徒手捏碎扑来的感染者头颅,血浆溅在身上,像朵诡异的花。
“肉身强度够用了。”肉灵境下,普通感染者已经很难破杜扬的防。
阳光依旧明媚,甚至有些刺眼,无情地照亮了广场上正在上演的活生生的噩梦。
感染者们三五一堆,分散在广场周围。扭曲的超越了人类关节所能承受的极限。
僵硬、拖沓,带着一种不祥的机械感。其中几个,正以令人毛骨悚然的执着,用头、用肩膀、用整个身体,攻击一栋紧紧锁住的小别墅房门。
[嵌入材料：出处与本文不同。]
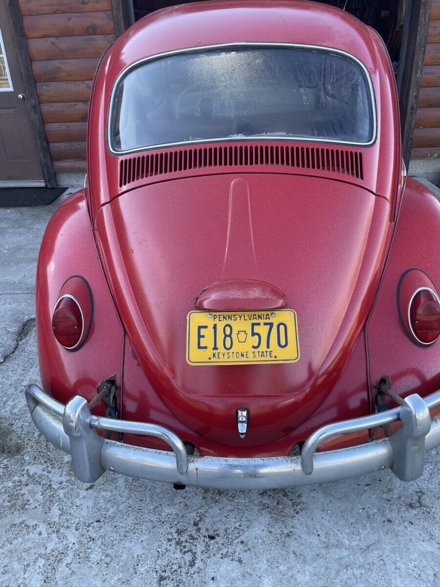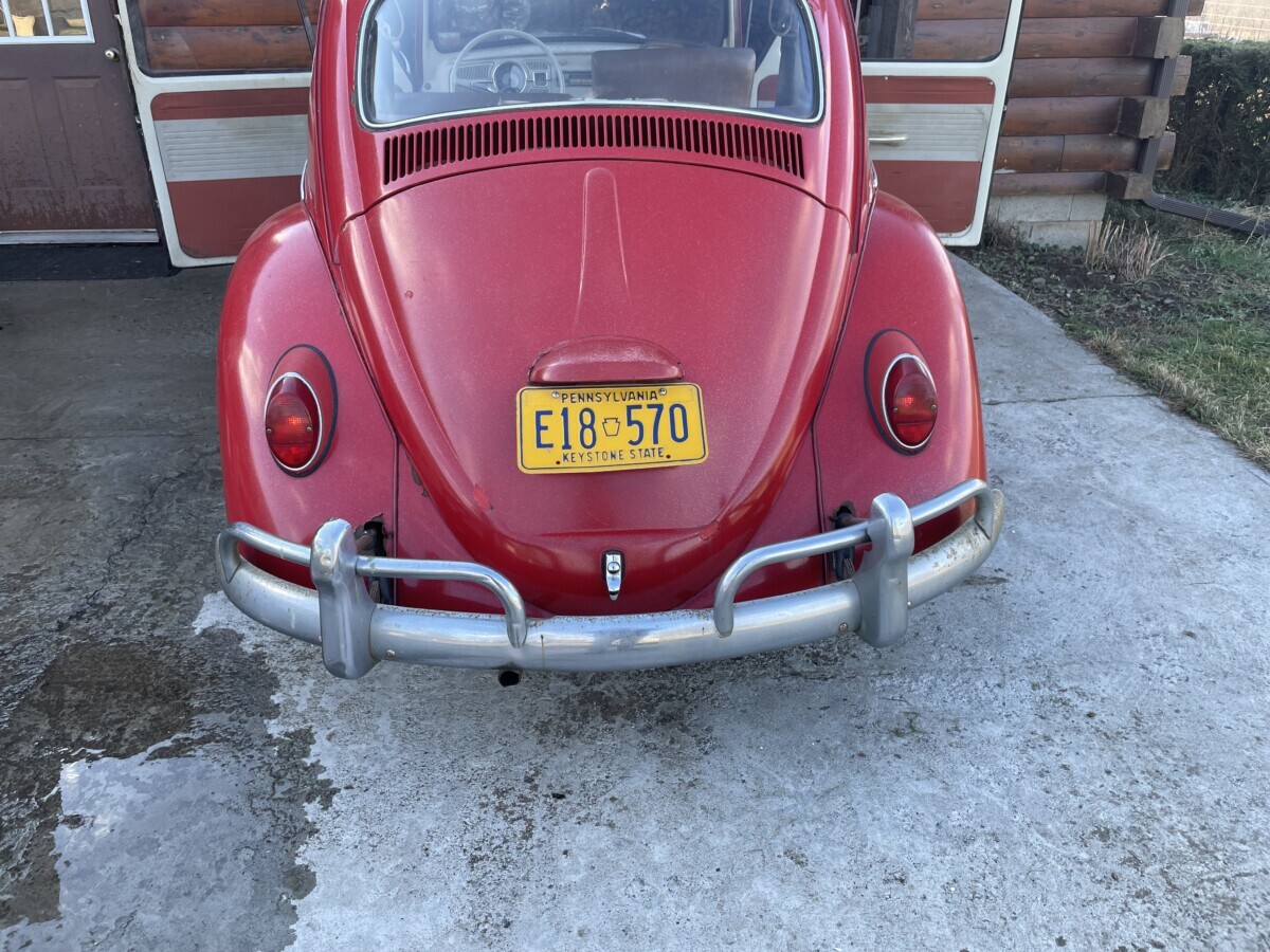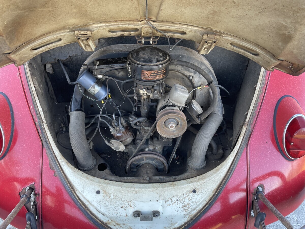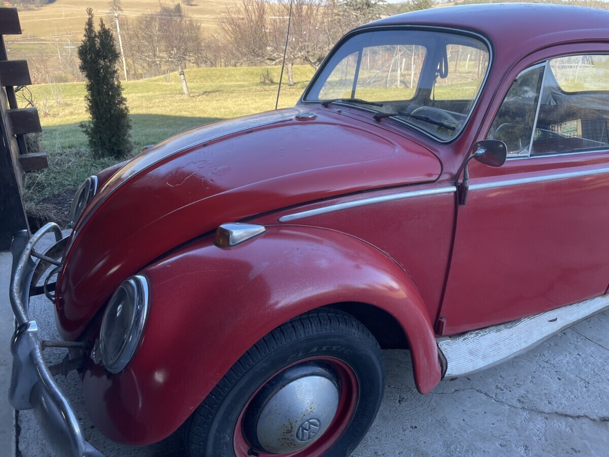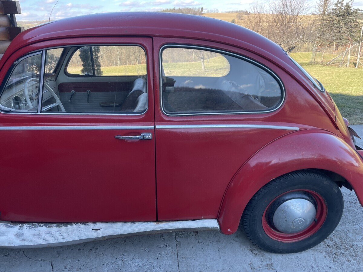 The seller’s family has quite a bit of history with this Bug. His aunt purchased it in 1967 with just 2k miles on the odometer. She drove it while she lived in California. In 1971, she gave it to the seller’s father, at that point it was showing 61k miles. It was then stored in his dad’s body shop until 1980 when the seller turned 16. At some point in the car’s past, it had been backed into, leaving a dent in the passenger side door. So, he and his brother decided to fix it up and make it a driver again. A replacement door was installed from another car, other dents were repaired, and the car was painted bright red and clear coated with metallic flake. It was driven off and on until 1983 when it went back into his father’s body shop and was stored there until the ’90s. Around this time, his dad retired so the Beetle was moved to the family barn, where it’s stayed ever since.

每一次撞击,房门颤抖的更厉害,殷红的血迹和某种粘稠的、灰白色的不明浆液,在房门上涂抹开令人作呕的图案。
一个穿着侍者马甲、动作却异常迅捷的感染者,发现了杜扬这个“不速之客”,顶着半边凹陷的头颅,眼珠浑浊地挂在眼眶外,喉咙里发出“嗬嗬”的怪响,带着一股令人窒息的尸臭,直扑向杜扬,那灰败溃烂的手爪,指甲乌黑尖利,带着粘稠的污迹,抓向他的面门,速度快得惊人。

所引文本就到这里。